Cookie Monster Database
My office building is located across the street from a shopping center, and for some reason, the one store that always catches my eye is Crumbl Cookie. When I was first introduced to Crumbl Cookie, I enjoyed their cookies but was more fascinated by their business model. Over the years, I’ve become disillusioned with their cookies and think they can sometimes taste like sugar-coated cardboard. There is one cookie, though, that still captures my attention and imagination, the Almost Everything Bagel Cookie. Most people are appalled at the thought of an Everything Bagel flavored cookie and are even more wary of trying said cookie. Unfortunately, I have not seen this cookie, with its wonderful blending of savory flavor and the sweetness you expect from a cookie, back at any local Crumbl in quite some time. Periodically, while sitting through a meeting, I think about the Almost Everything Bagel Cookie and sometimes even head to the Crumbl website to see if it is one of this week’s flavors. For the last 3+ years, the answer has always been no. With so many stores I always wondered if I could create a tool and find if any store carried the Almost Everything Bagel cookie.
During my most recent investigation of the Crumbl website, I did some digging through the structure of the site, as I tend to do. One of the first things that popped into my mind was how organized the website was, with the “Select a Location” page — https://crumblcookies.com/order/carry_out — having all the stores conveniently listed alphabetically. The wheels began to turn, and I wondered how easily all this data could be extracted. When digging a little deeper into the store-level view, I discovered that it too was neatly structured, and each store’s weekly menu was found using the following URL format: https://crumblcookies.com/order/carry_out/41ststreet, with the slug ID being at the end of each URL. I realized this data could be scraped, and I could find out whether the Almost Everything Bagel Cookie had completely disappeared or had simply not returned to any of the Crumbl stores near me.
With a basic understanding of how the unique store URLs are structured, I had to decide how to handle creating my Cookie Monster database. I knew web scraping would probably be the route taken, but I did some further testing to see if the website had an API I could interact with (this happens more often than you might think). Unfortunately, it did not, so I started writing the code to web scrape the site. I then had the idea of letting an LLM do this task for me. I use LLMs, mostly Anthropic’s Claude, on a daily basis, usually to help clean up and improve my code. Recently, I have seen LLMs capabilities continue to increase to a point where they can write an entire codebase on their own. I thought this Cookie Monster database would be a perfect way to test the model’s capabilities, as well as familiarize myself with the technology.

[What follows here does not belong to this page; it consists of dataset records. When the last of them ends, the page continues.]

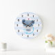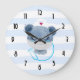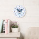 Um relógio com uma bela ilustração de um urso azul vestindo um chapéu de enfermeira com um pequeno coração nele. Também vestindo uma máscara protetora e tem um estetescópio azul.
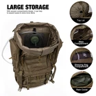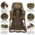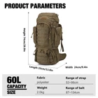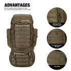 Description Tactical Backpack Military Backpack Internal Frame Molle Backpack with Rain Cover for Camping Hiking Trekking Traveling Product Fetures: Modular lightweight load carrying equipment cover all around the pack,you can hang your sleeping bag,sleeping met,hammock,tent or other camping gears. Patch Area for nametape and flag patches . Hiking Pole Attachment can hold hiking poles, ice ax or selfie stick. A zipped pocket on the top of the pack, perfect for your rain cover (included). Hydration System Compatible.The elastic compartment that is also suitable for a 15.6" laptop and big enough for a 2.5 Liters hydration bladder or other items that require quick access. Product Parameters Fabric:600D Polyester Washing &Maintenance Suggestion 1. 600D polyester fabric. Please do not wash with liquid detergent or bleach. 2. Clean with wet cloth if necessary. 3. Air dry. 4. Please do not iron it. Package 1 X Tactical Backpack Durable Material:This 60L backpack is made of 600D Polyester and includes a RAIN COVER,the buckle and zipper are all made of YKK Design:One front pocket,9.45*13in, and Two side pockets,5.5*10.6in,on the pack, it can hold snacks,flashlight,notebook,gloves,ropes,water bottle and other items,Other tactical pouches or camping gears also can be attached to the molle webbing with hooks Sleeping bag compartment:There's zipper divider inside the pack that can seperate the main compartment from sleeping compartment,It's roomy enough for you to put in sleeping bag,mat,hammock or shoes Hydration Compartment:This backpack includes hydration compartment which can hold a 3 Liter hydration bladder or a 15.6" laptop Suits:This backpack can meet size requirements for most airlines and very well used in hiking,trekking,camping,climbing,traveling
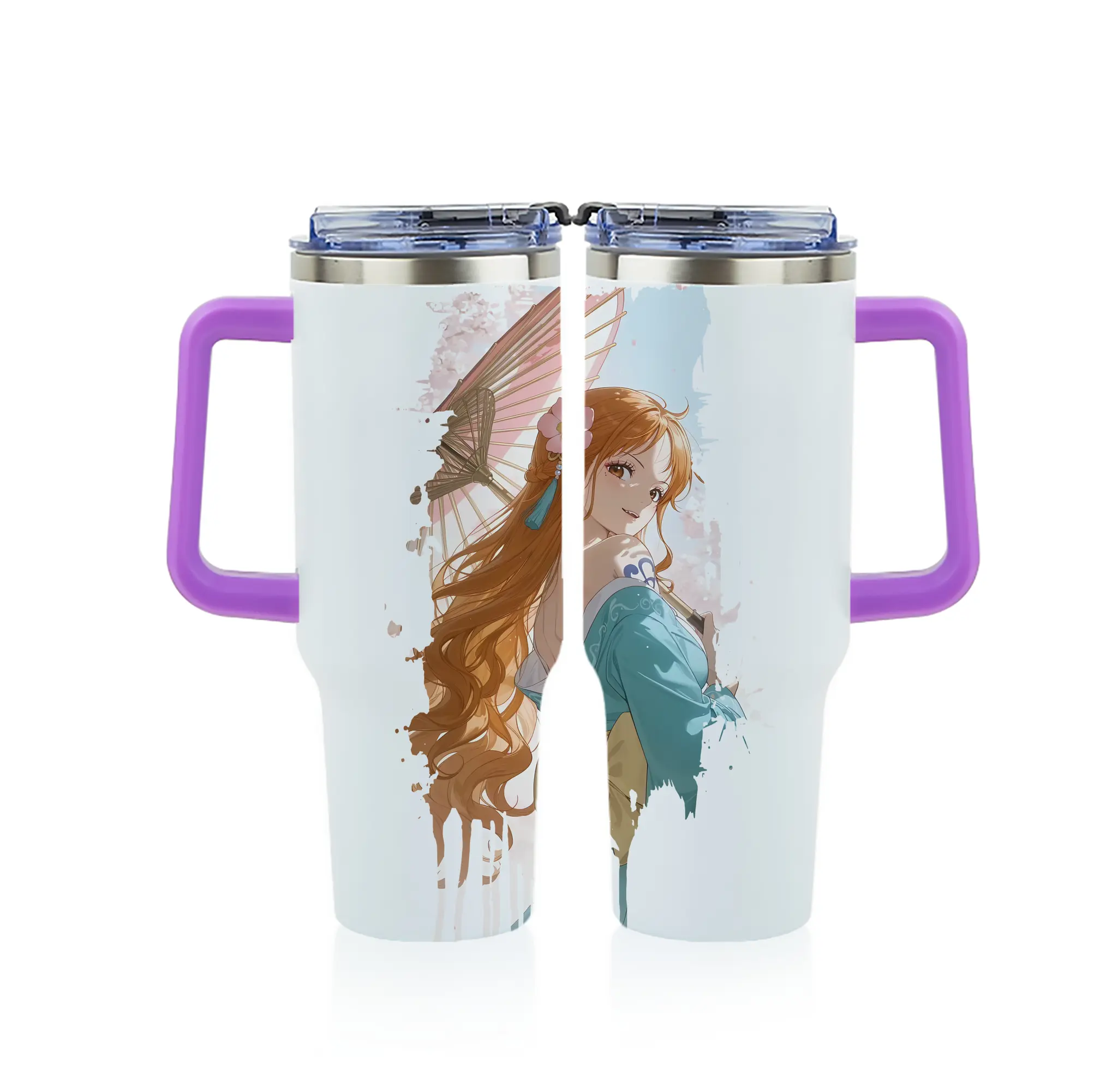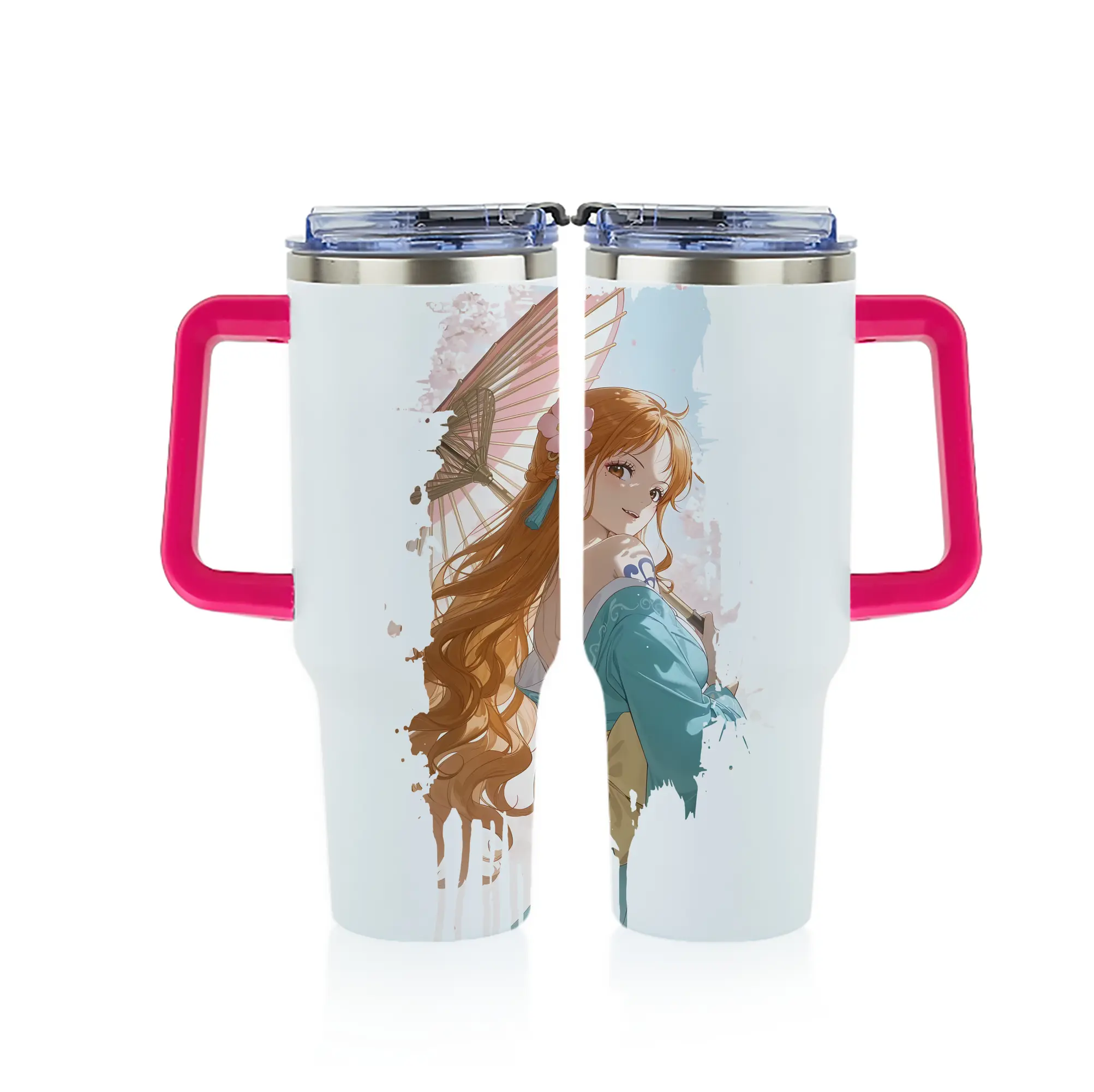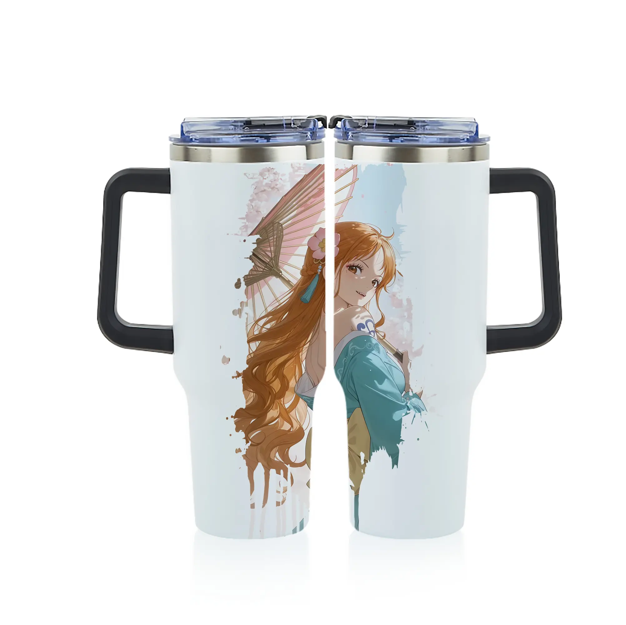 ワンピース グッズ ナミ - 1200mL フルプリント車用タンブラー ・ 304ステンレス 内側 ・ 201ステンレス 外側 ・ 保温 保冷 ・ 通勤 ドライブ アウトドア用
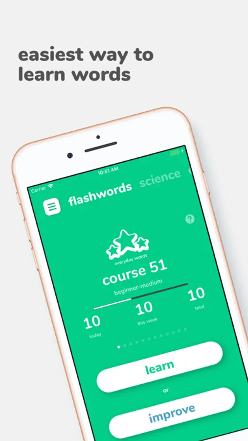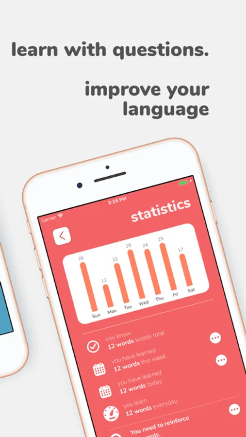 In learning phase, we will ask words according to your level. With our smart learning system, you will be able to see which words you need to improve and which words you struggle the most. You will also be able to see statistics on your learning journey.

I used Claude Code to complete this task. I started by providing an in-depth prompt that included my goal, my initial research of the URL structures, and a minimal viable product. To my surprise, Claude took my task and ran with it. I provided Claude with a directory to work in, and it asked me to install Playwright to handle the web scraping. Throughout the process it was conversational, Claude would generate code, I would run and test said code, and then apply any changes I wanted to make. From start to finish, this process took a little under one hour, which is far faster than I could have ever completed this task on my own. This goes to show the beauty and power of these models: I could have written this code myself and it might have taken me a full day at best, but by leveraging Claude, the task was completed far quicker.
The code generates a database with two tables: one to track all the stores, and a second to track which flavors are available per store, per week. The code can be found here. Although I did make some adjustments to the data structures, I will take no credit for this code, as it was generated by an LLM. The code base is powerful and has many different use cases, from tracking the growth and expansion of Crumbl Cookie franchises (and maybe even closings of stores) to analyzing which special cookies of the week appear most often throughout the year. But to answer the more important question, what about the Almost Everything Bagel Cookie? I found a single store in Florida that had the Almost Everything Bagel Cookie during the second week I ran this process! The only difference is that it now comes in sandwich form. Maybe Crumbl is using it as a test product, but I remain hopeful and hold out for the return of the Almost Everything Bagel Cookie to a store near me.